The objective of this study was to investigate the short- and long-term adverse effects of fibroblast growth factor-2 treatment of tympanic membrane perforations. A total of 134 patients with traumatic tympanic membrane perforations were randomly divided into two groups: an observational group and a fibroblast growth factor-2 treatment group. The closure rate, closure time and principal side-effects were compared between the groups at 6 and 12 months. At 6 months, 131 patients were examined to determine healing outcomes and short-term side-effects. The total closure rate differed significantly between the fibroblast growth factor-2 and observational groups (95.5% vs 73.4, p < 0.01). The fibroblast growth factor-treated group exhibited a significantly shorter closure time than the observational group (11.9±3.1 days vs 52.6 ± 18.1 days, p = 0.00).

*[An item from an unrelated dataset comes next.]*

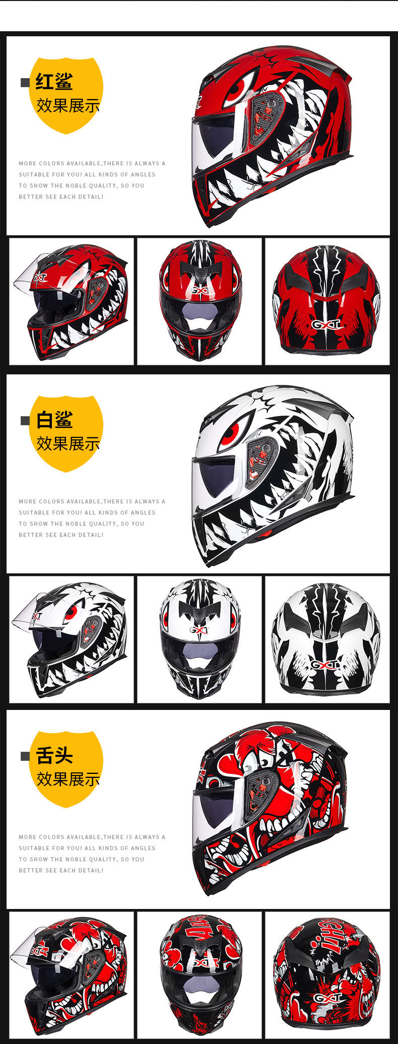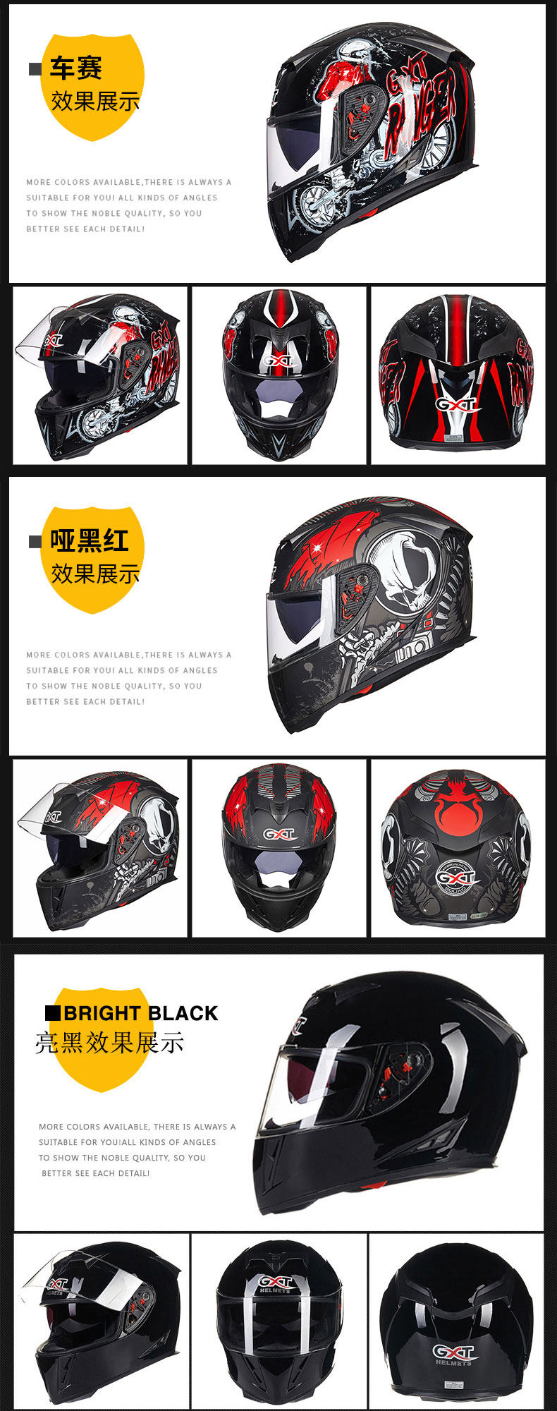 Бренд: GXT Модель: 358 Стиль: шлем с полным лицом Двойной козырек, ABS материал. Примечание: шлем поставляется с прозрачным козырьком. Размер: M (57-58 см) L (59-60 см) XL (61-62 см) XXL(63-64 см)
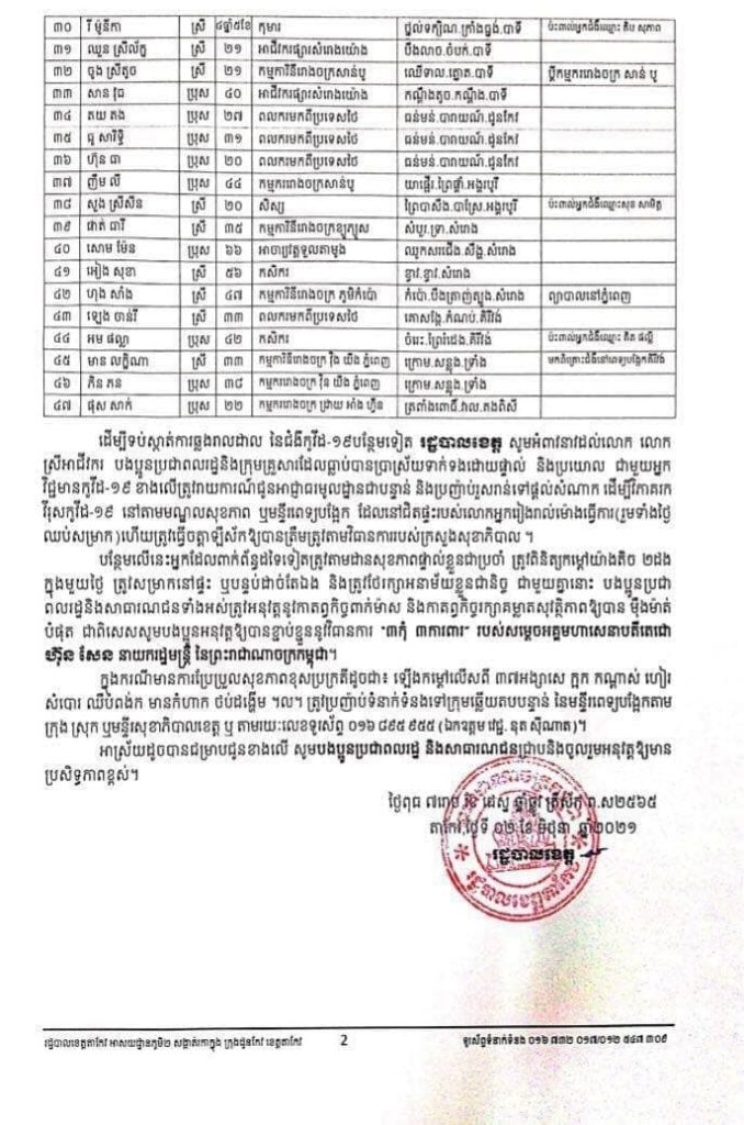 រដ្ឋបាលខេត្តតាកែវបានអំពាវនាវដល់ប្រជាពលរដ្ឋ និងក្រុមគ្រួសារដែលធ្លាប់បានប្រាស្រ័យទាក់ទងដោយផ្ទាល់ និងប្រយោល ជាមួយអ្នកវិជ្ជមានកូវីដ-១៩ទាំ៤៧នាក់នោះ ត្រូវរាយការណ៍ជូនអាជ្ញាធរមូលដ្ឋានជាបន្ទាន់ និងប្រញាប់រួសរាន់ទៅផ្ដល់សំណាក ដើម្បីវិភាគរកវីរុសកូវីដ-១៩ នៅតាមមណ្ឌលសុខភាព ឬមន្ទីរពេទ្យបង្អែក ដែលនៅជិតបំផុត ហើយត្រូវធ្វើចត្តាឡីស័កឲ្យបានត្រឹមត្រូវតាមវិធានការរបស់ក្រសួងសុខាភិបាល។

Three patients with secondary otitis media with effusion, and three with reperforations, were noted in the fibroblast growth factor-2 group. We additionally performed long-term follow-up on 89.1% of the patients in the observational group and 92.5% of the patients in the fibroblast growth factor-2 group; follow-up was performed 16-42 months after perforation closure. Only a small perforation of the pars flaccida developed in the fibroblast growth factor-2 group. No middle ear cholesteatoma was noted in either group. This study suggests that the topical application of fibroblast growth factor-2 to human traumatic tympanic membranes is safe. Otor- rhoea was the most common short-term side-effect; other less common side-effects included otitis media with effusion and reperforation. No serious long-term side-effects were found.
Fibroblast growth factor-2 (FGF-2) is a polypeptide mitogen that stimulates the proliferation of epidermal and connective tissue cells 1. FGF-2 has been used to repair clinical and experimental tympanic membrane perforations (TMPs) 2-6. Clinical studies have shown that topical application of FGF-2 significantly improves the closure rate and shortens the closure time of human traumatic TMPs 4 7 8. The topical application of FGF-2 also showed a higher success rate for the repair of human chronic TMPs, thus providing an alternative to conventional myringoplasty 3 5 9. However, the side-effects and safety of FGF-2 remain controversial. FGF-2 treatment of TMPs has not been widely adopted worldwide. Although some scholars previously undertook a series of clinical studies, the short- and long-term side-effects of FGF-2 on TMPs have not been not fully addressed. In addition, previous studies focused on traumatic TMPs without a history of middle ear disease and myringosclerosi 4 7 8.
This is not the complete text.